Synthesis and characterization of betaine-like diacyl lipids: zwitterionic lipids with the cationic amine at the bilayer interface.

We synthesized and characterized a series of zwitterionic, acetate-terminated, quaternized amine diacyl lipids (AQ). These lipids have an inverted headgroup orientation as compared to naturally occurring phosphatidylcholine (PC) lipids; the cationic group is anchored at the membrane interface, while the anionic group extends into the aqueous phase. AQ lipids preferentially interact with highly polarizable anions (ClO(4)(-)) over less polarizable ions (Cl(-)), in accord with the Hofmeister series, as measured by the change in zeta potential of AQ liposomes. Conversely, AQ lipids have a weaker association with calcium than do PC lipids. The transition temperatures (Tm) of the AQ lipids are similar to the Tm observed with phosphatidylethanolamine (PE) lipids of the same chain length. AQ lipids form large lipid sheets after heating and sonication; however, in the presence of cholesterol (Chol), these lipids form stable liposomes that encapsulate carboxyfluorescein. The AQ:Chol liposomes retain their contents in the presence of serum at 37°C, and when injected intravenously into mice, their organ biodistribution is similar to that observed with PC:Chol liposomes. AQ lipids demonstrate that modulating the headgroup charge orientation significantly alters the biophysical properties of liposomes. For the drug carrier field, these new materials provide a non-phosphate containing zwitterlipid for the production of lipid vesicles.

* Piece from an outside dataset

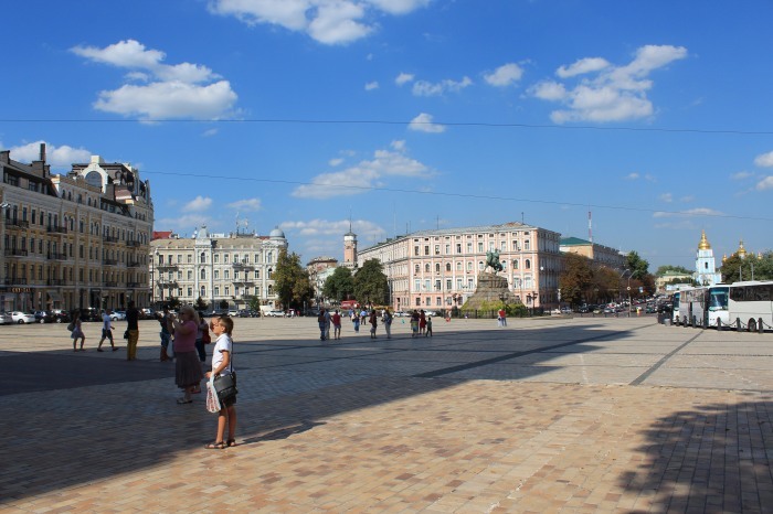Богдан Хмельницкий - еще один герой Украины - восседает на коне в центре Софийской площади. А дальше по прямой еще один соборный комплекс - Михайловский.

Refactored M13 bacteriophage as a platform for tumor cell imaging and drug delivery.

M13 bacteriophage is a well-characterized platform for peptide display. The utility of the M13 display platform is derived from the ability to encode phage protein fusions with display peptides at the genomic level. However, the genome of the phage is complicated by overlaps of key genetic elements. These overlaps directly couple the coding sequence of one gene to the coding or regulatory sequence of another, making it difficult to alter one gene without disrupting the other. Specifically, overlap of the end of gene VII and the beginning of gene IX has prevented the functional genomic modification of the N-terminus of p9. By redesigning the M13 genome to physically separate these overlapping genetic elements, a process known as "refactoring," we enabled independent manipulation of gene VII and gene IX and the construction of the first N-terminal genomic modification of p9 for peptide display. We demonstrate the utility of this refactored genome by developing an M13 bacteriophage-based platform for targeted imaging of and drug delivery to prostate cancer cells in vitro. This successful use of refactoring principles to re-engineer a natural biological system strengthens the suggestion that natural genomes can be rationally designed for a number of applications.